[Ads-l] Kazoo and Bazooka

Peter Reitan pjreitan at HOTMAIL.COM
Mon May 1 19:58:09 UTC 2017


I recently mentioned kazoo and bazooka in a thread about made up words.

http://listserv.linguistlist.org/pipermail/ads-l/2017-April/147475.html


I believe that both words are derived, or influenced by, the slang word, "bazoo."


In the late-1800s, to "toot" or "blow" one's "bazoo" was to brag.  "Bazoo" also referred to any wind instrument, especially when loud or poorly played.  A man named Warren Frost appears to have coined the word "kazoo" when he patented his version of what we now call a kazoo in 1882.  "Kazoo" went viral in 1884, when someone appears to have started manufacturing and marketing them in mass quantities.


Barry Popik posted the earliest example of "kazoo" from July 1884 in 2002.

http://listserv.linguistlist.org/pipermail/ads-l/2002-November/027189.html


Apart from the patent, which was filed in 1882, I found one apparently unrelated use of "kazoo" from a book that appears to have been written in 1882.


In the context of the book, the word referred to an extended binge or protracted party weekend:

“Kazoo’s new, isn’t it?” says he. “What’s a kazoo?”

“Oh, a regular bump.” Says Whopper.

“A ‘reeling ripe,’ you know,” says Mixer.

“A protracted bust,” murmurs Little Jake, persistently ignoring the renewed emptiness of the glasses, though it is emphatically his turn.

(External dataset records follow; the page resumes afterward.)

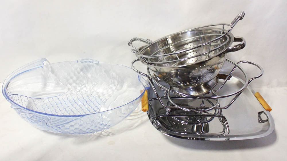 METAL STRAINER /LG PLASTIC FISH BOWL & MORE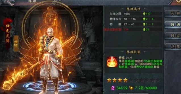 阵魂不仅提升属性,还能解锁特殊的阵魂技能——神威。这项技能能够降低神威BOSS的攻击和防御,具体效果为: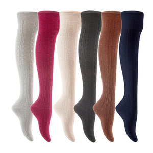 Lian LifeStyle Women's 6 Pair Adorable Comfortable Soft Thigh High Over Knee High Cotton Socks Size 6-9 L1024 (Light Grey,Wine,Cream,Black,Coffee,Navy)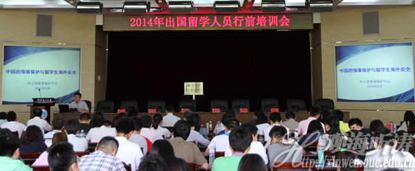 教育部出国留学服务中心办公室主任刘剑波,以及学校研究生院、国际合作与交流处、国际教育学院负责人等出席揭牌仪式。仪式结束后,学校举行了2014年出国留学人员行前培训会,培训主要内容包括国家出国留学政策、留学安全、在外中国公民权益保护、中西文化差异以及办理出国手续的相关程序和注意事项等。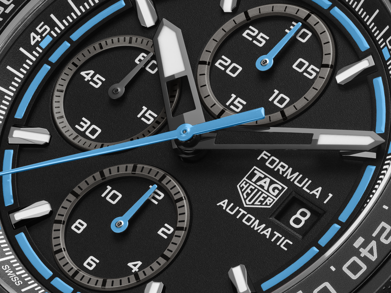 De zwarte opaal wijzerplaat heeft een opvallende blauwe lakbaan, wat een vleugje levendigheid toevoegt. De Super-LumiNova®-aangebrachte wijzers en indexen zorgen voor optimale leesbaarheid, terwijl de tachymeter bezel de race-esthetiek versterkt.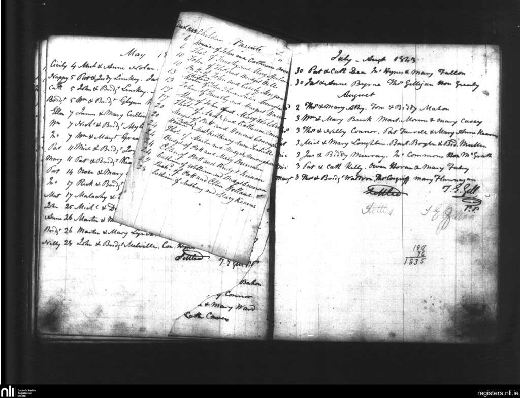 Oranmore; County of Galway; Diocese of Galway. Baptisms, July 1843 to Dec. 1843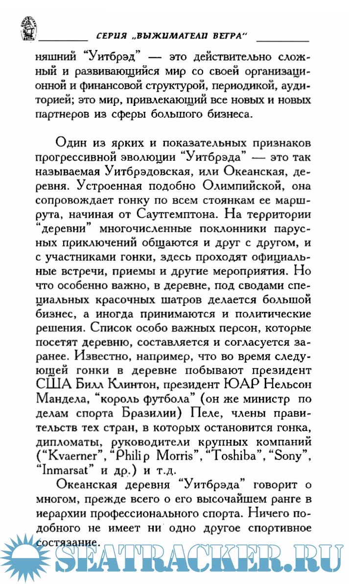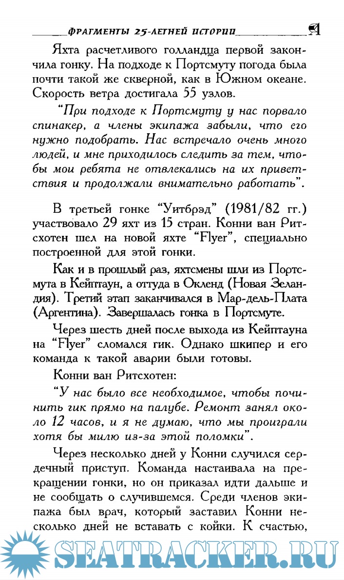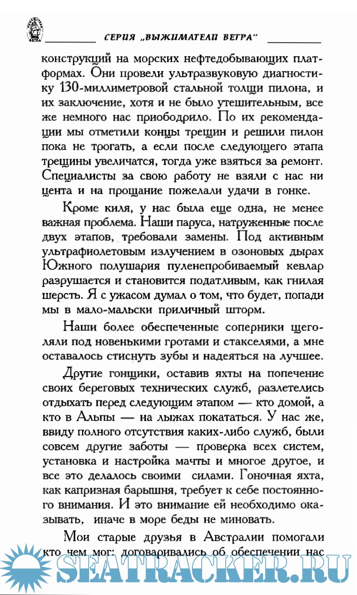 Описание: Книга повествует о самом захватывающем, жестком и длительном состязании на Земле - кругосветной гонке парусных яхт Уитбрэд. Современные "выжиматели ветра" за 9 месяцев преодолевают 33 тыс. морских миль. По степени риска эта профессиональная гонка не имеет себе равных. Главное в Уитбрэде - победить, сохранив при этом тело, корабль и твердость духа. Борьба ведется ежесекундно, не прерываясь ни днем ни ночью.

O. N. Looker (pseudonym), Naughty New York, or, The Apron Strings Relaxed: a Novel of the Period; being a truthful narrative of a weeks jollification of three young benedicts, New York, American News Co., 1982, page 12.

A man named Bob Burns coined "bazooka" for a home-made trombone of his own invention in 1918.  The hand-held Army rocket launcher of the same name was named for its similarity to Bob Burns' bazooka.  It was already called a bazooka when it was first hinted at in print, when reporters were given a demonstration of a number of secret weapons:

"There is one weapon which, with typical Yankee impudence, already has been nicknamed the “Bazooka,” because of its resemblance to Comedian Bob Burns’ famous musical instrument."

Detroit Free Press, January 1, 1943.


But Gazooka had been a word for at least a decade before, and the word "Bazooka" even showed up as the name of a large fish as early as 1904, so Burns could have named his instrument after "bazoo" and "kazoo" or borrowed the word from its earlier sense, or been influenced by several things.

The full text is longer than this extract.